Please understand I am by NO MEANS saying that I have not felt the consequences of my own actions or the actions of others. 

The words of a song from Third Day run through my thoughts on repeat often, the line I hear most is "... Deep water faith in the shallow end.." For me, It tells me where I was and how I now see things from what I hope is a much DEEPER faith, simply because of the place I ended up.

I was at rock bottom.....if it could go wrong, it did. God allowed me to hit a place where I couldn't even look up, I just wanted to lay down and die. I didn't want to take my own life at least not at first (there was a point where I did get very close...BUT GOD again).

It was my own personal living hell, and I couldn't see the other side, I couldn't even see the next step. All I saw was darkness, despair, and all I was hearing from God, was 

...... wait......wait......wait.... be still.......be still.....wait......

In my mind, I believed this meant that he was going to put the pieces back together again, but in hindsight, I know my version was NOT His plan.

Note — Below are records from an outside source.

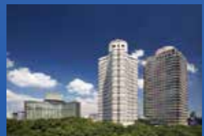
ホテルニューオータニ・ガーデンタワー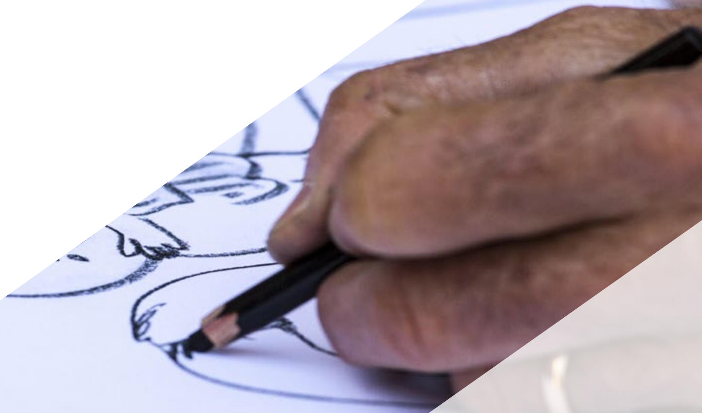
Ilustração Aplicada aos Quadrinhos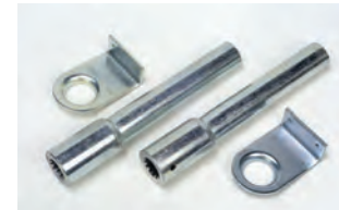
Coppia tubi di trasmissione con supporti laterali, per installazione con 1 o 2 operatori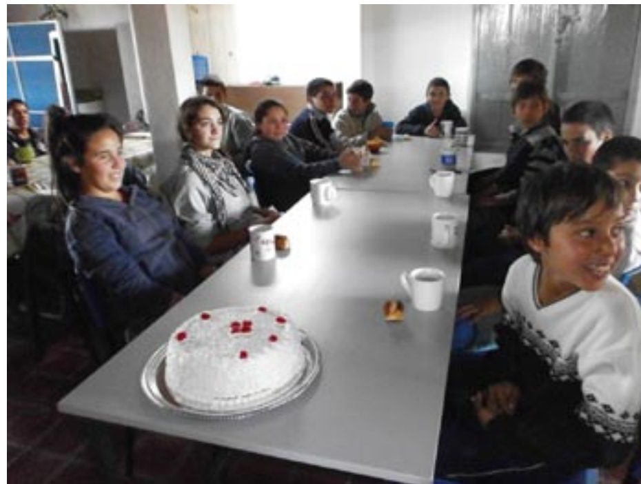
Merendando en la Escuela.

Uruguay (UTU) e instituciones en general para continuar apoyando y mejorando este emprendimiento, que para la zona representa un faro que apunta a la producción rural y al apoyo del productor familiar. Que espacios como este, que se apunta por parte de la comunidad sea un polo de desarrollo en el medio, se creen y fortalezcan en el medio rural es un cambio muy ansiado y necesario para el campo uruguayo.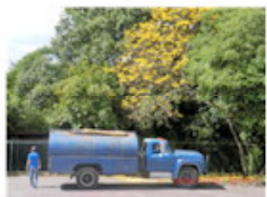
工事前に汚水を抜く (11月)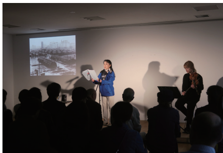
朗読とお話「戦後を生きた女性たち」

In all that waiting and being still, God slowly began to teach me that sometimes the right decisions and the right direction may still be hard and look and feel WRONG, simply because part of the faith journey is learning to 

...keep going when its hard, or feels wrong, and trusting God to get you there, (you also have to stop giving him directions on how and when, and where you THINK you should be going.... wink,wink)

I know I still have a long way to go, but I know He will get me there, because HE never let go of me in the middle of my mess, so I know He will stay with me through the rest of the journey.


Side note: I could list all the verses and devotions that He used to get me through and the friends who held me up when I couldn't stand, but its late and I stink at remembering exact refernces for scripture, I also was not planning to do this therefore I am ill prepared.

Yes,I just suddenly felt the need to put thoughts down and hopefully stop some of the swirling in my head, maybe there will be more specifics later, maybe not, I honestly don't know.

....all I know is this,,, God is Good ALL THE TIME, and ALL the time, GOD IS GOOD!


Monday, January 25, 2021

When God doesn't follow the script...

 .. I am still here.... surviving.. day by day... 

God is still here, while He seems quiet, I know He is here.... His Word is slowly penetrating every part of my brain, and my life. He is showing me who He is, and reminding me, of who I am.

Most of my life I have always been a people pleaser, I was so busy trying to be who I thought others wanted me to be, I lost me, and lost my joy. 

God never lost sight of who He wanted me to be. It has taken a long hard road, but He has my attention now, and I desperately want to be who He created me to be, not a copy of someone else, or a shadow of me, I want to be .... me.

Why was I never enough...?

    WHY do I have to go through this...?

        Why did it workout for everyone else???

          How come I can't get it right..???? ... ever

In truth, I may never get answers.... and the hardest question...

    ..... what if He doesn't put it back together??? 

My fear lives there... in those words, because that is what I desperately want.... but the answer seems to be.... no.... 

It might be... not right now.... or wait.... 

But it is definitely... not now.... and so the question comes ...

... what if???

   ... what if it doesn't... ???

     ..... will I still believe... will I choose faith over                    fear... 

     .... will I choose to trust.. even in the dark, even                  when the answer doesn't follow my script..


I keep asking... God I have faith and trust... please help my unbelief and distrust...

It comes down to what the end goal is..

    Is it just to put back together... what was broken                .. or is it to heal the brokenness ... ?

I feel Him ask this in my spirit... if I give you what you want... will you still believe.. or will you return to the broken pieces of before.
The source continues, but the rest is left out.